- #1
Akorys
- 23
- 3
Homework Statement
I wanted to ask anyone willing to check my proofs to two problems, so that I may know if I am making any mistakes or assumptions.
Let the function [itex]f[/itex] be continuous and strictly monotonic on the positive real axis and let [itex]g[/itex] denote the inverse of [itex]f[/itex]. If [itex]a_1\lt a_2\lt...\lt a_n[/itex] are n given positive real numbers, we define their mean value with respect to f to be the number [itex]M_f[/itex] defined as follows:
[tex]M_f=g(\frac{1}{n}\sum_{i=1} ^{n} f(a_i))[/tex]
1. Show that [itex]a_1\lt M_f\lt a_n[/itex].
2. If [itex] h(x)=af(x)+b[/itex], show that [itex]M_h = M_f[/itex].
Homework Equations
As above, [itex]M_f=g(\frac{1}{n}\sum_{i=1} ^{n} f(a_i))[/itex]
The Attempt at a Solution
Solution 1.
Since [itex]f[/itex] is a strictly monotonic function, we must have have either
[tex]f(a_1) \lt f(a_2) \lt ... \lt f(a_n) \text{ or,}[/tex][tex]f(a_1) \gt f(a_2) \gt ... \gt f(a_n)[/tex]

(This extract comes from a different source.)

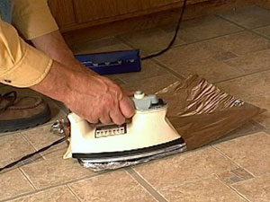 При образовании пузырей нужно в первую очередь выпустить скопившийся воздух - проколоть шилом отверстия, разгладить линолеум вокруг них и положить на это место груз. При повторном появлении пузырей на вздувшееся место кладут мешок с горячим песком либо проглаживают это место через бумагу горячим утюгом. Так поступают в том случае, если линолеум уложен на горячей битумной или на резинобитумной мастике, которая плавится при нагревании. Под вздувшиеся участки можно ввести шприцем растворитель для

It follows that [tex] nf(a_1) \lt \sum_{i=1}^{n} f(a_i) \lt nf(a_n) \text{ or,}[/tex][tex]nf(a_1) \gt \sum_{i=1}^{n} f(a_i) \gt nf(a_n)[/tex] for each set of inequalities, respectively. Further, these inequalities imply [tex] f(a_1) \lt \frac{1}{n} \sum_{i=1}^{n} f(a_i) \lt f(a_n) \text{ or,}[/tex][tex]f(a_1) \gt \frac{1}{n}\sum_{i=1}^{n} f(a_i) \gt f(a_n)[/tex] Now we simply consider each case. First, assume that [itex]f[/itex] strictly increases. Then [itex]g[/itex] also strictly increases, and we may apply [itex]g[/itex] to the first set of inequalities above to derive: [tex]a_1 \lt M_f \lt a_n[/tex]

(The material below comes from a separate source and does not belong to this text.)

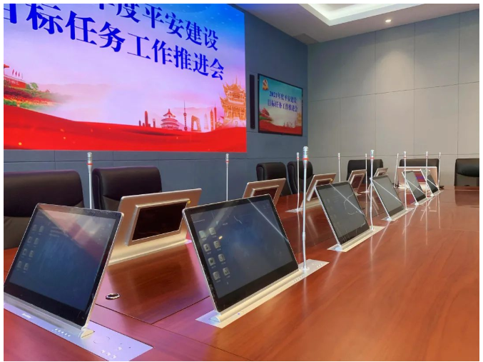 在12人的会议圆桌这里,安装了12套WZH-L2LM 15.6"嵌入升降式无纸化终端,带有电子桌牌和升降鹅颈发言话筒。它们具有铭牌显示、文件批注、同屏广播、分组广播、异步浏览、跟踪主讲、外接信号显示、临时文件、主席控制等多种强大的功能;支持一键切换到Windows桌面,将Windows或其他软件的操作界面同屏显示到其它无纸化终端和大屏幕。
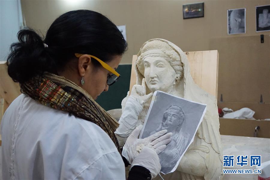 12月5日,在敘利亞首都大馬士革,文物修復小組成員在國家博物館內(nèi)修復來自巴爾米拉的受損雕像。 在敘利亞國家博物館展廳一角,文物修復師赫芭·朱馬正給一座受損的雕像“整容”。“我對這座雕像有特殊的感情,‘她’就像我的家人一樣。”朱馬說,包括這座雕像在內(nèi),館內(nèi)大部分受損文物都來自她的家鄉(xiāng)巴爾米拉。這座敘利亞古城有2000多年的歷史,是一座古羅馬風格的歷史遺址,1980年被聯(lián)合國教科文組織列入世界文化遺產(chǎn)名錄。過去數(shù)年間,極端組織“伊斯蘭國”先后兩次攻占巴爾米拉,不僅濫殺無辜,還大肆破壞遺跡文物。2017年3月,敘利亞政府軍重奪對巴爾米拉的控制權(quán),劫后余生的文物被分批運到首都大馬士革保存。數(shù)月前,國家博物館組建文物修復小組,朱馬也從巴爾米拉被調(diào)來參與修復工作。受人力、材料和技術(shù)所限,修復工程預(yù)計需要5至8年才能完成。朱馬說,很多雕塑碎成多塊,拼接十分耗時。盡管挑戰(zhàn)重重,但朱馬對修復過程絲毫不馬虎?!摆s緊好起來吧,等修好了,我?guī)銈兓丶?。”她總是如此喃喃而語。 新華社記者汪健攝

Now assume [itex]f[/itex] strictly decreases. Then [itex]g[/itex] strictly decreases as well. If we apply [itex]g[/itex] to the second set of inequalities above, the inequality signs must reverse since the function is decreasing. Therefore, we derive: [tex]g[f(a_1)] \lt g[\frac{1}{n}\sum_{i=1}^{n} f(a_i)] \lt g[f(a_n)][/tex][tex]a_1 \lt M_f \lt a_n[/tex]

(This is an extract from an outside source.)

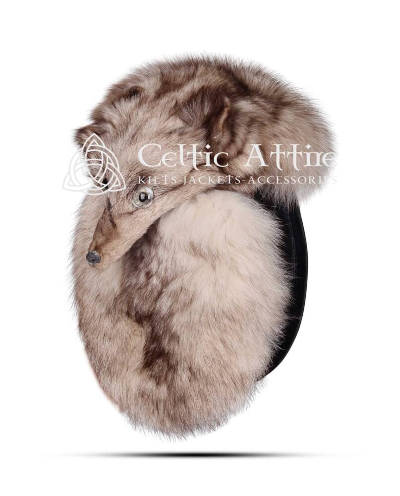 The Full Mask Cream Coyote Sporran is made with premium materials. We have crafted the front flap from authentic coyote fur, providing a luxurious appearance. We constructed the back from genuine leather, ensuring durability and longevity. This combination of materials makes the sporran both functional and stylish.

This completes the proof of problem 1.
Solution 2.
If [itex] h(x) = af(x) + b[/itex], then [itex] f(x) = \frac{h(x) - b}{a}[/itex]. We may apply [itex]g[/itex] to both sides to get [tex] x = g(\frac{h(x)-b}{a})[/tex] Let [itex]s(y)=x[/itex] be the inverse function of [itex]h(x)[/itex], such that [itex] y = h(x) [/itex]. Through this we attain: [tex] s(y) = g(\frac{y - b}{a})[/tex] Now we may consider [itex]M_h[/itex]. [tex] M_h = s(\frac{1}{n}\sum_{i=1}^{n} h(a_i))[/tex][tex]M_h = g(\frac{\frac{1}{n}\sum_{i=1}^{n} h(a_i) - b}{a})[/tex] We may write [itex] b = \frac{1}{n}\sum_{i=1}^{n}b [/itex], which allows us to work with both terms together in the numerator. Combine the denominator into the sum to make the proof clearer. Through this, we may derive: [tex] M_h = g(\frac{1}{n}[\sum_{i=1}^{n}\frac{ h(a_i) - b}{a}]) [/tex] Since [itex] f(x) = \frac{h(x) - b}{a}[/itex] for each [itex] x = a_1, x = a_2, ..., x=a_n[/itex], the sum reduces to [tex] M_h = g(\frac{1}{n}\sum_{i=1}^{n} f(a_i) = M_f[/tex] This is true by definition, and thus completes the proof.